Inputs

Conversion direction
100 Ah
12V

Energy result

Energy (kWh)
1.2 kWh
Formula
kWh = Ah × Voltage ÷ 1000
100 Ah × 12V ÷ 1000 = 1.2 kWh
At 12V
1.2 kWh
At 48V
4.8 kWh

Understanding Ah vs kWh

What's the difference?

Amp Hours (Ah) measures a battery's charge capacity — how much current it can deliver over time. Kilowatt Hours (kWh) measures total energy storage, which is more useful for comparing batteries at different voltages.

Why voltage matters

A 100Ah 12V battery and a 50Ah 24V battery both store the same energy (1.2 kWh), but they're suited for different applications:

  • 12V systems — RVs, boats, small off-grid setups
  • 24V systems — Larger RVs, medium solar systems
  • 48V systems — Home battery backup, large solar installations

Depth of discharge (DoD)

Not all battery capacity is usable.
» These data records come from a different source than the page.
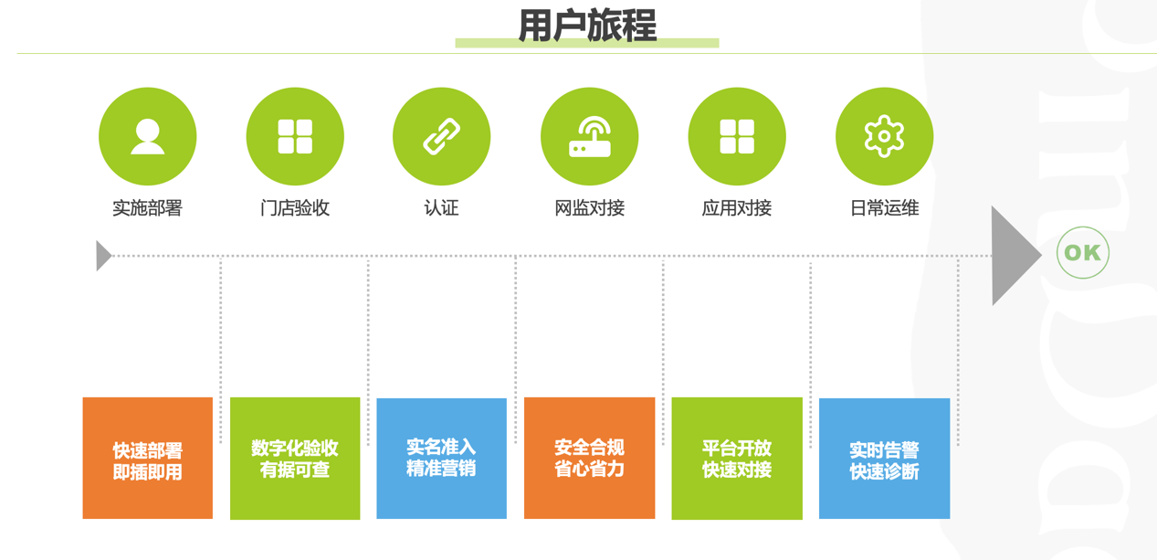 首先,实施部署非常快速部署,采用即插即用的模式。其次,门店验收,通过全数字化的验收,实现有据可查。第三,实名准入,实现客用网的网页对接和实名认证,并全力配合网监对接。第四,提供开放平台的对接,与奈雪应用系统的融合。最后,在日常运维中,看到实时告警和快速诊断。
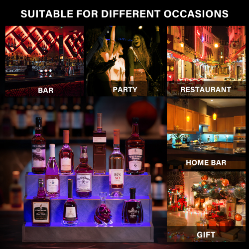 Product Name: LED Lighted Liquor Bottle Display Shelf, 37 Inch Bar Display Shelf, DIY Illuminated Bottle Shelf with App & Remote Control, 2 Step Freestanding Holding Bottles for Home Bar, Party, Grey
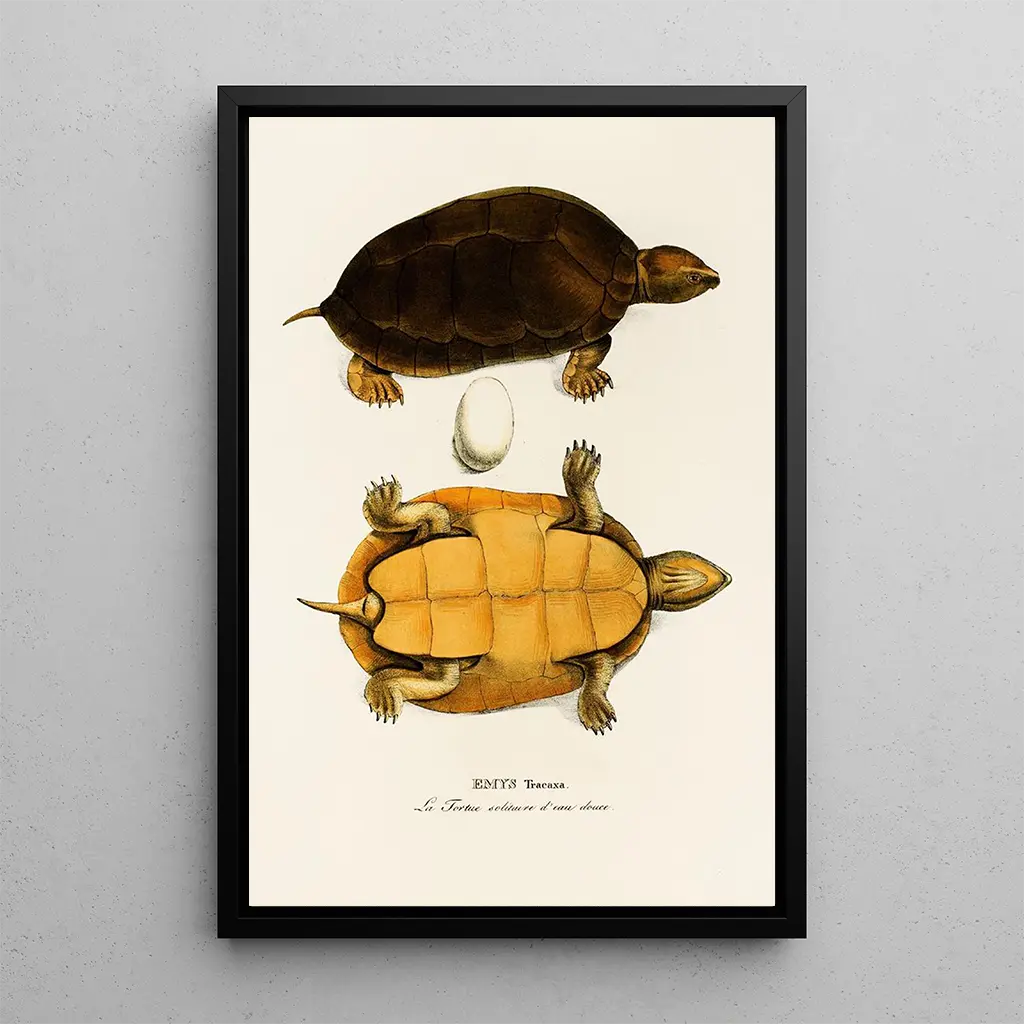 Der Kunstdruck von "Emys Tracaxa" ist eine kluge dekorative Wahl, um Ihr Interieur zu verschönern, sei es im Wohnzimmer, im Büro oder im Schlafzimmer. Seine Druckqualität garantiert eine bemerkenswerte Treue zu den Details des Originalwerks und bringt einen Hauch von Natur und Ruhe in Ihren Raum. Dieses Bild, mit seinem unbestreitbaren ästhetischen Reiz, wird die Aufmerksamkeit Ihrer Gäste auf sich ziehen und bereichernde Gespräche anregen. Mit der Wahl dieses Leinwandbildes treffen Sie die Entscheidung für ein Stück, das Schönheit, Wissenschaft und Umweltbewusstsein vereint.
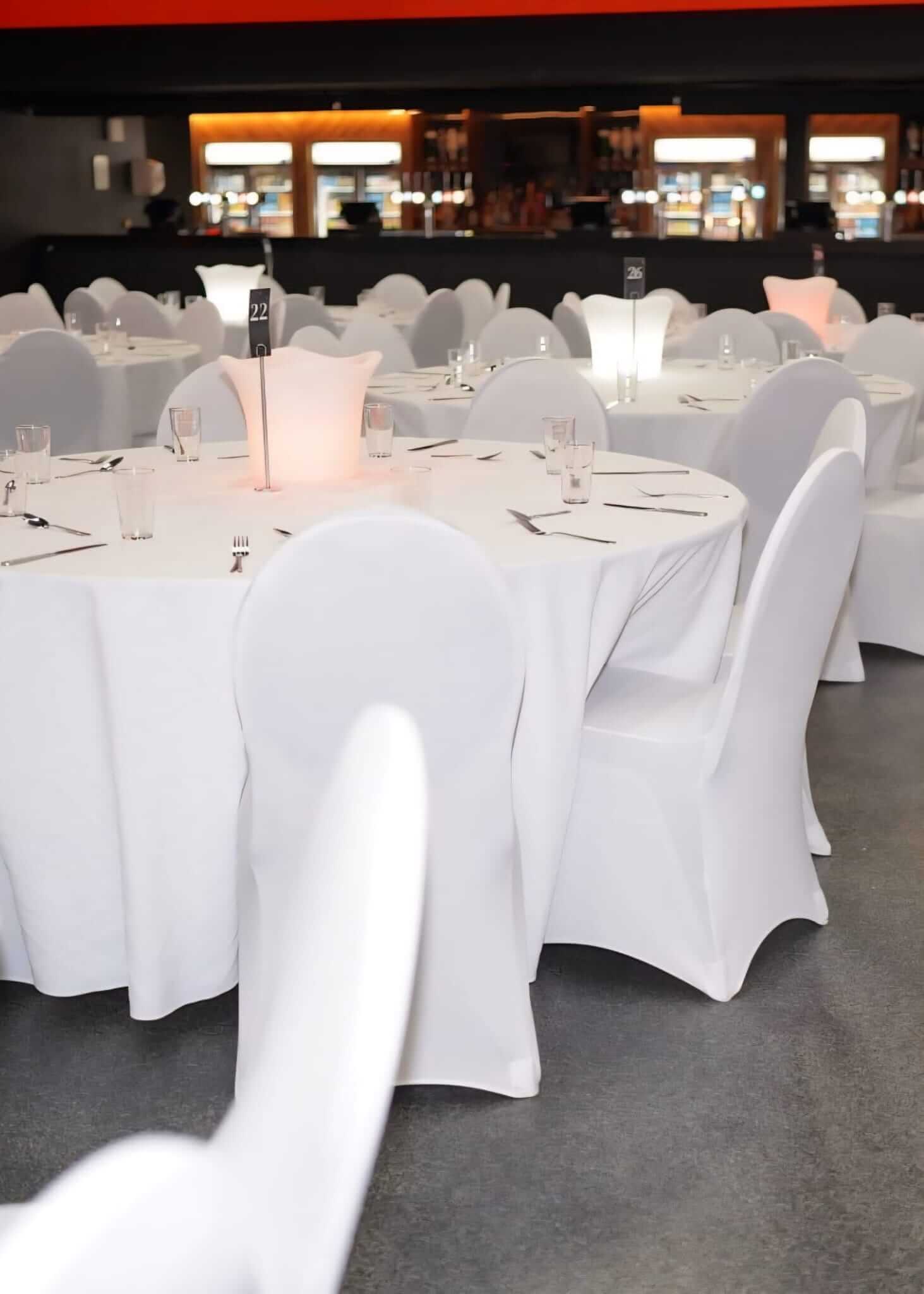 White chair covers are the perfect foundation for a finished look. Add a sash for definition, florals for a softer touch, or drapes on the aisle and feature chairs when you want extra impact. For couples searching specifically for wedding chair covers white, this clean base makes it easy to match your tablescape, florals and signage without the room feeling busy.

DoD tells you how much you can safely use:

Lead-acid

50% DoD recommended — using more reduces lifespan significantly

LiFePO4

80–90% DoD safely usable — longer lifespan at any depth

Real-world solar examples

Lead-acid vs lithium

Lead-acid bank

4 × 6V 225Ah in series for 24V

  • Total: 5.4 kWh
  • Usable (50% DoD): 2.7 kWh

LiFePO4

1 × 48V 100Ah

  • Total: 4.8 kWh
  • Usable (90% DoD): 4.32 kWh

Despite lower raw capacity, the lithium battery delivers 60% more usable energy.

DIY LiFePO4 vs Tesla Powerwall

Tesla Powerwall 2

13.5 kWh at ~50V = ~270Ah

DIY build

4 × 3.2V 280Ah EVE cells in series

51.2V × 280Ah = 14.34 kWh (12.9 kWh usable) at roughly half the cost

Sizing overnight backup

Average US home uses ~30 kWh/day. Overnight (6pm–6am) is roughly 12 kWh. At 48V: 250Ah needed. With lithium (90% DoD): 278Ah. With lead-acid (50% DoD): 500Ah — showing why lithium needs roughly half the Ah capacity.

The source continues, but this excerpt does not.